ASANA INC CLASS A (ASAN)
Sector: Information Technology
2026 Annual Meeting Analysis
ASANA INC CLASS A · Meeting: June 8, 2026
Directors FOR
1
Directors AGAINST
2
Say on Pay
FOR
Auditor
FOR
Director Elections
Election of Class III Directors
Against Analysis
Ms. Anderson-Copperman has served since July 2022 (more than 24 months), and Asana's stock has lost about 66% over three years while the technology sector ETF (XLK) gained about 114% — a gap of roughly 179 percentage points, far exceeding the 30-point threshold that triggers a vote against; the 5-year record (-80.2% vs XLK) confirms this is sustained underperformance, not a temporary dip, so no mitigant applies.
Ms. Carey has served since July 2019 (well over 24 months) and Asana's stock has lost about 66% over three years while the technology sector ETF (XLK) gained about 114% — a gap of roughly 179 percentage points, far exceeding the 30-point threshold; the 5-year record (-80.2% vs XLK) confirms sustained underperformance with no mitigating improvement, so the vote against stands.
For Analysis
Mr. Rogers joined as CEO and director in July 2025, less than 24 months before this meeting, so he is exempt from the stock performance trigger under our policy; he brings relevant technology leadership experience and was newly appointed to lead the company's turnaround.

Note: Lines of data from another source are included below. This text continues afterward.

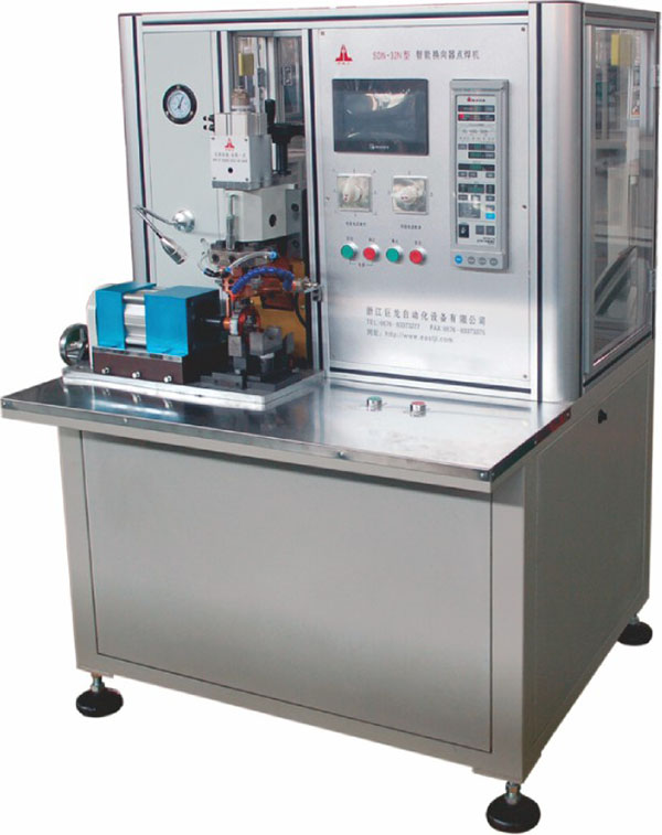 This machine is suitable for automatic welding of the commutator and the rotor wire with hook or slotted motor.Mitsubishi PLC programmable control, color touch screen set parameters, imported Miyaji welding controller joint control, three sections of power, with the current rise, slow down function, secondary constant current or constant power feedback control, welding current stability, Welding current is too small shutdown alarm setting function, and the other can remember 15 different welding specifications, with built-in cooling water tank, imported solenoid valve control welding cylinder, fast and stable, all actions once completed, simple operation, high welding quality.
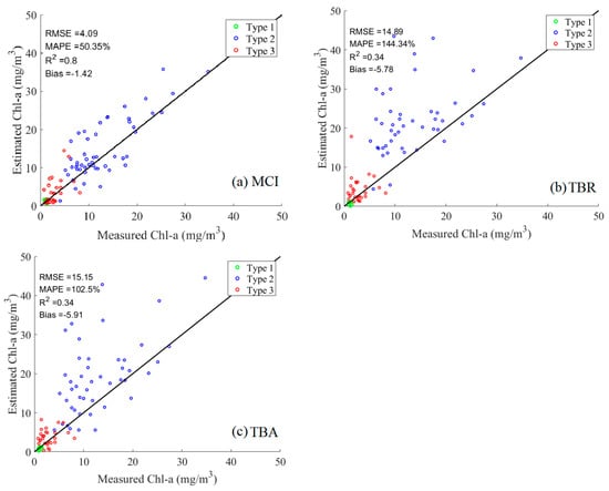 Scatter plots of measured Chl-a and Sentinel-2 estimated Chl-a based on the modified method (a) MCI, (b) TBR, and (c) TBA (n = 99). Green, blue, and red circles represent the three OWTs based on the band-ratio water classification algorithm proposed in this study, corresponding to Types 1, 2, and 3, respectively. The black diagonal line is the 1:1 line. The units of RMSE, MAPE, and bias are mg/m3, percent, and mg/m3, respectively.
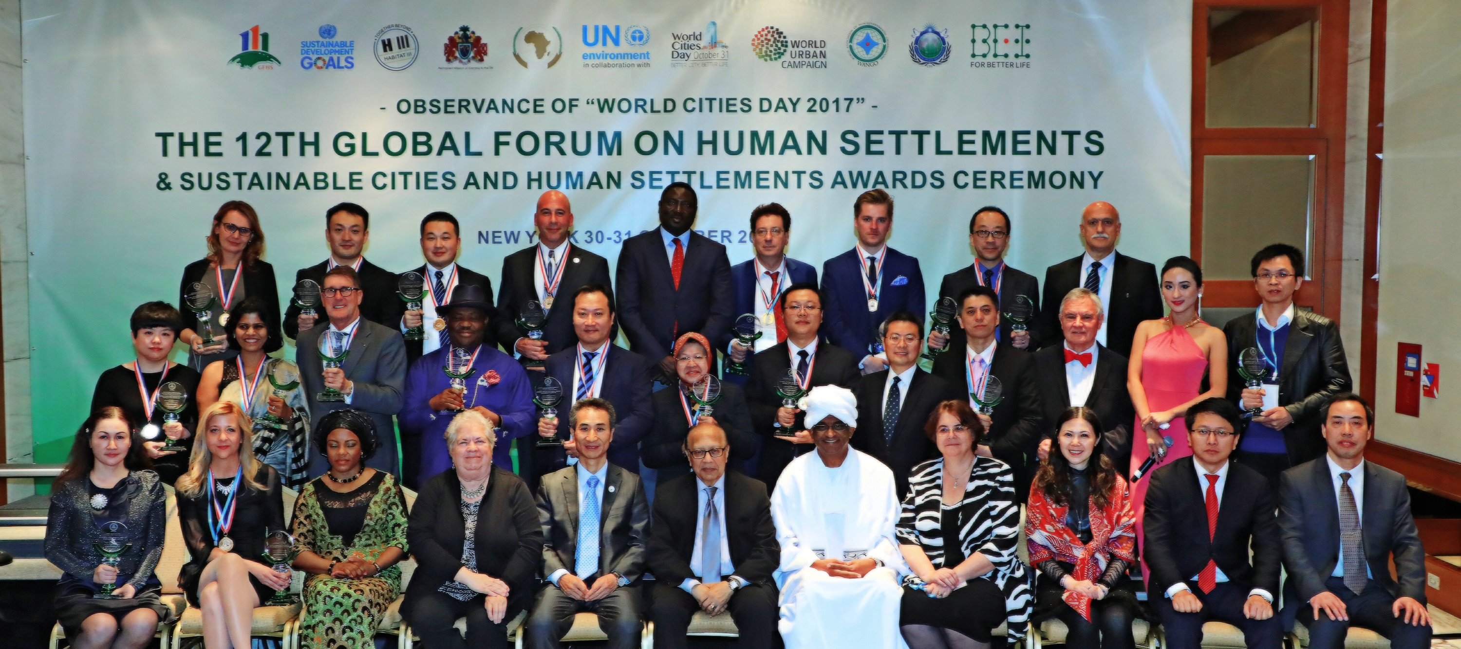 2017可持续城市与人居环境奖颁奖嘉宾与获奖者集体合影。

Two of the three Class III nominees (Anderson-Copperman and Carey) trigger the stock performance threshold — Asana's shares have fallen about 66% over three years while the technology sector ETF (XLK) gained roughly 114%, a gap of approximately 179 percentage points that far exceeds the 30-point policy threshold for companies with negative absolute three-year returns; the five-year record (-80.2%) confirms this is not a temporary trough. New CEO Dan Rogers is exempt from the trigger given his tenure of less than 24 months.
Say on Pay
✓ FORCEO
Dustin Moskovitz
Total Comp
$1
Prior Support
99%%
The CEO listed in the compensation database is Dustin Moskovitz, whose total compensation for fiscal year 2026 was $1 — essentially zero — because he voluntarily waived all cash and equity pay while serving as CEO, which is far below any benchmark and raises no overpayment concern. The broader named executive officer program is transitioning toward a pay-for-performance structure with the introduction of performance stock awards and an annual bonus tied to revenue targets for the new CEO Dan Rogers, and prior-year shareholder support was an exceptionally high 99%, indicating no unresolved shareholder concerns. While Asana's stock has significantly underperformed peers, the CEO's pay of $1 means there is no misalignment between pay and performance for the highest-paid executive, and the overall compensation structure passes the policy screens.
Auditor Ratification
✓ FORAuditor
PricewaterhouseCoopers LLP
Tenure
N/A
Audit Fees
$2,332,000
Non-Audit Fees
$202,000
Non-audit fees (tax fees of $200,000 plus other fees of $2,000, totaling $202,000) represent about 8.7% of audit fees ($2,332,000), well below the 50% threshold that would raise independence concerns; PwC is a Big 4 firm appropriate for Asana's size; auditor tenure is not disclosed in the proxy so the tenure trigger cannot fire, and no restatements are noted.
Overall Assessment
This is a three-proposal annual meeting ballot; the most significant issue is the severe and sustained stock underperformance — Asana shares have lost about 66% over three years while the technology sector ETF (XLK) gained roughly 114% — which triggers votes against the two longer-tenured Class III director nominees while newly appointed CEO Dan Rogers is exempt. The say-on-pay and auditor ratification proposals both pass policy screens cleanly, supported by the outgoing CEO's $1 salary and a low non-audit fee ratio of under 9%.